=== DATA PROVIDED ===

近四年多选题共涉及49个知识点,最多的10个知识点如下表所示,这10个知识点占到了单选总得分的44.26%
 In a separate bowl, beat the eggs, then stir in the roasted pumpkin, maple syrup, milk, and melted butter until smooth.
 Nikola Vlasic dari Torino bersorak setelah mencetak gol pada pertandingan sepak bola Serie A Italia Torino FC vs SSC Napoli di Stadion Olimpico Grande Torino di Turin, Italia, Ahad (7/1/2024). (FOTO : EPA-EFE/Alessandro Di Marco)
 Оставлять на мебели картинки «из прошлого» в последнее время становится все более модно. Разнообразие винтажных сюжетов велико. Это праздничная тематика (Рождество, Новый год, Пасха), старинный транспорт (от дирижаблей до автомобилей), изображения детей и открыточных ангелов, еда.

=== PROBLEM DESCRIPTION ===
The material above must be output in full. Keep every word as it is.

=== SOLUTION FOR THIS TASK ===
近四年多选题共涉及49个知识点,最多的10个知识点如下表所示,这10个知识点占到了单选总得分的44.26%
 In a separate bowl, beat the eggs, then stir in the roasted pumpkin, maple syrup, milk, and melted butter until smooth.
 Nikola Vlasic dari Torino bersorak setelah mencetak gol pada pertandingan sepak bola Serie A Italia Torino FC vs SSC Napoli di Stadion Olimpico Grande Torino di Turin, Italia, Ahad (7/1/2024). (FOTO : EPA-EFE/Alessandro Di Marco)
 Оставлять на мебели картинки «из прошлого» в последнее время становится все более модно. Разнообразие винтажных сюжетов велико. Это праздничная тематика (Рождество, Новый год, Пасха), старинный транспорт (от дирижаблей до автомобилей), изображения детей и открыточных ангелов, еда.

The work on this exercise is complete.